2 out-of-class opportunities:
tomorrow afternoon a new exhibit is opening @ Cantor Fitzgerald Gallery @ HC:
it's called Sea Change, in which celebrated Philadelphia photographer Zoe Strauss traces the landscape of post-climate change America;
there is a Gallery Talk @ 4:30, and a Reception @ 5:30
February 22 there will be an Environmental Studies symposium at Haverford; this Mon, Jan 26 is the deadline for submitting a proposal to present @ the symposium. If you are interested, you should send an abstract to Helen White (hwhite@haverford.edu) about environmental issues you have confronted in your coursework, independent research, internships, volunteering, or student group activities. E-mail Helen your title, name of presenting author and co-authors, 150-250 word abstract describing your work, and preferred presentation formate (oral presentation, poster presentation, pre-recorded video, other). Michael Maniates will be the keynote speaker @ this conference; to get you excited, we're reading an essay of his for Tuesday.

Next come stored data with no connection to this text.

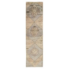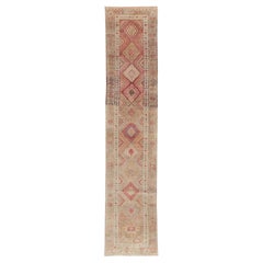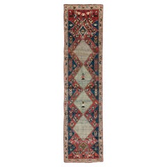 Antique Azerbaijan Runner Rug with 3 Geometric Medallions on Center Field
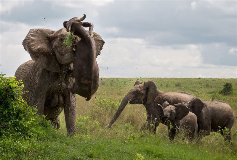 Trong khi đang tham quan vườn quốc gia Maasai Mara ở Kenya, nhiếp ảnh gia Kimberly Maurer đã tình cờ ghi lại được cảnh tượng cực kỳ tàn khốc trong thế giới động vật hoang dã. Đó là cảnh voi “điên” húc và giày xéo chết trâu rừng.
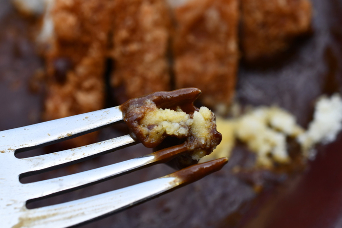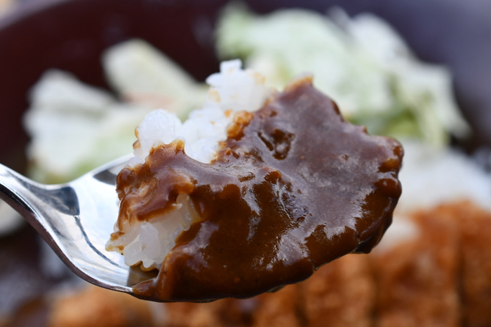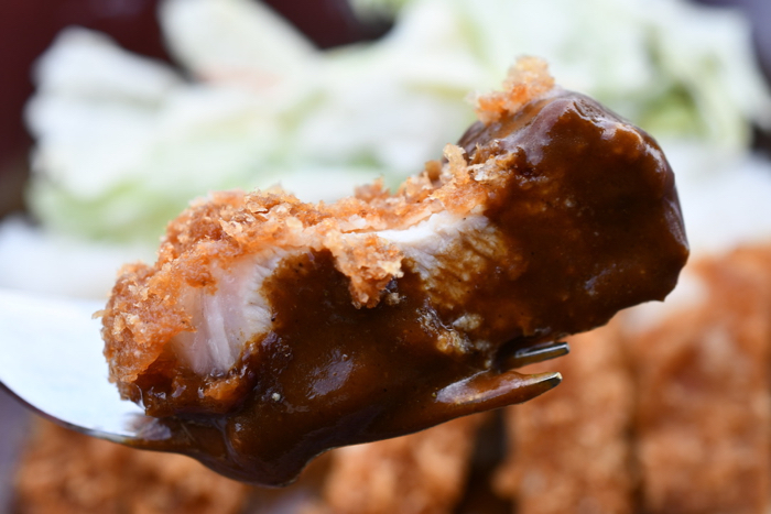 ▲ カレーソースと一緒にいただくロースカツ。

for class on Tuesday, 3 more short texts, which are all about pedagogy:
how are we already set up to teach-and-learn?
how should/might we be teaching-and-learning with a greater environmental consciousness?

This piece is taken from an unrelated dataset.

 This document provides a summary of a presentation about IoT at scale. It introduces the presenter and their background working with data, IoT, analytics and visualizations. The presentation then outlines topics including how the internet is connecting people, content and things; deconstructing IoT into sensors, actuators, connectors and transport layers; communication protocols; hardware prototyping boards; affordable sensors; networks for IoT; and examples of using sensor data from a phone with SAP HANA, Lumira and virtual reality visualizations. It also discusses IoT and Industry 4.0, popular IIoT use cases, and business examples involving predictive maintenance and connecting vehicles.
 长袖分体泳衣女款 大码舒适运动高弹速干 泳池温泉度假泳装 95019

listen first to a history of the establishment of east coast colleages and universities:
Greenfield Digital Center Director Monica Mercado, "(A Short, Incomplete, and Often Invisible) History of Race and Higher Education." Bryn Mawr Teach-In on Race, Higher Education, Rights and Responsibilities (including a recording of the talks--listen from 22:35 to 39:00). November 18, 2014.
then read two essays that reflect on what it means to think-and-teach ecologically:
Michael Maniates. "Teaching for Turbulence." Chapter 24. State of the World 2013: Is Sustainability Still Possible? The Worldwatch Institute. pp. 255-268.
SueEllen Campbell. "The Land and Language of Desire: Where Deep Ecology and Post-Structuralism Meet." The Ecocriticism Reader: Landmarks in Literary Ecology. Ed. Cheryll Glotfelty and Harold Fromm. Athens: The University of Georgia Press, 1996. pp. 124-136.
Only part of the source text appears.